WHAT YOU SHOULD DO: Copy the listing below exactly, but skip the pictures.

SUPPLIED INFORMATION:
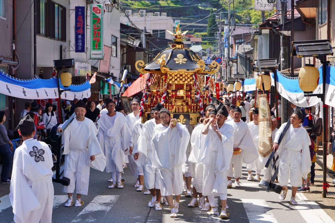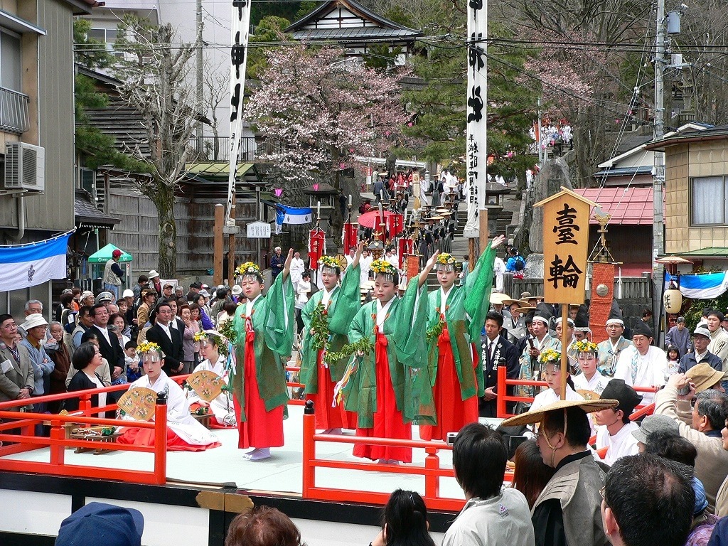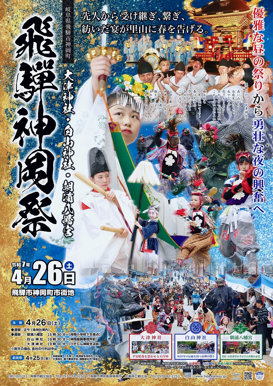 奥飛騨に春の訪れを告げる「飛騨神岡祭」は、神岡町市街地にある大津神社、白山神社、朝浦(あそら)八幡宮の三社で同日にそれぞれ行われる例祭の総称で、「高山祭」、「古川祭」と並ぶ、「飛騨三大祭」のひとつです。
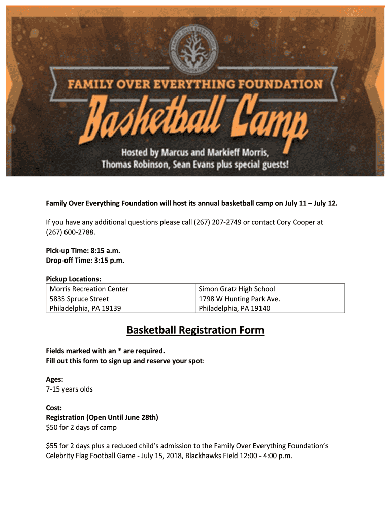 Family Over Everything Foundation will host its annual basketball camp on July 11 July 12. If you have any additional questions please call (267) 2072749 or contact Cory Cooper at(267) 6002788. Pickup
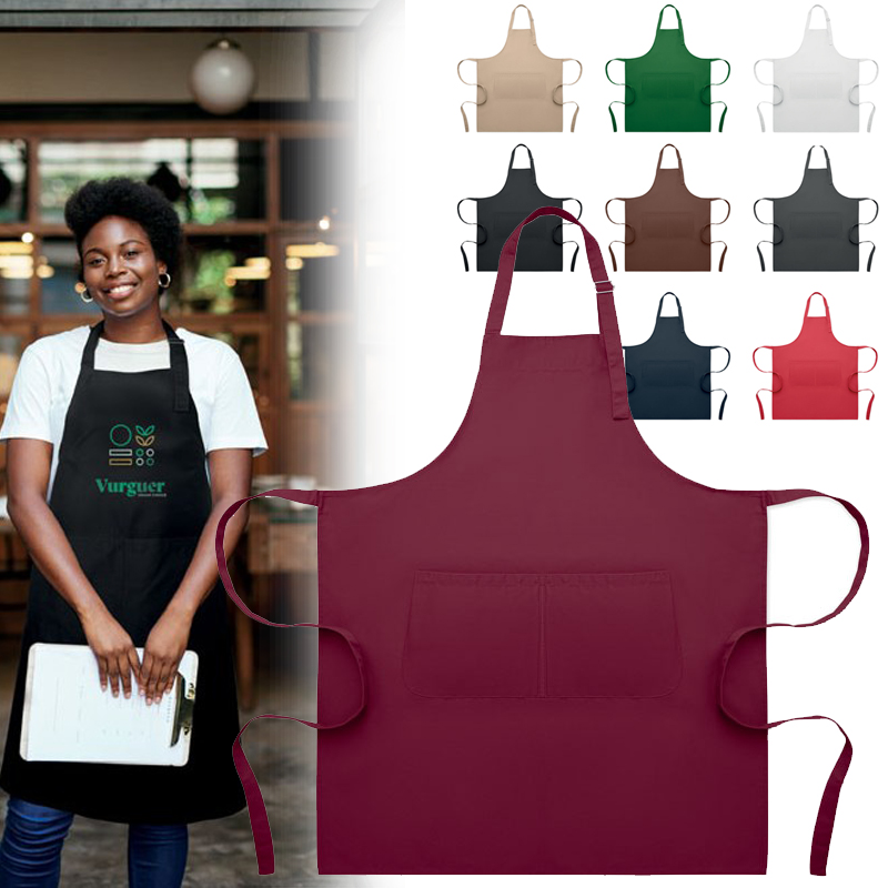 Lang, verstelbaar keukenschort van 240g/m² polykatoen (35% katoen, 65% polyester) met twee voorzakken en verstelbare riem met metalen gesp.

SOLUTION TO THE PROBLEM:
 奥飛騨に春の訪れを告げる「飛騨神岡祭」は、神岡町市街地にある大津神社、白山神社、朝浦(あそら)八幡宮の三社で同日にそれぞれ行われる例祭の総称で、「高山祭」、「古川祭」と並ぶ、「飛騨三大祭」のひとつです。
 Family Over Everything Foundation will host its annual basketball camp on July 11 July 12. If you have any additional questions please call (267) 2072749 or contact Cory Cooper at(267) 6002788. Pickup
 Lang, verstelbaar keukenschort van 240g/m² polykatoen (35% katoen, 65% polyester) met twee voorzakken en verstelbare riem met metalen gesp.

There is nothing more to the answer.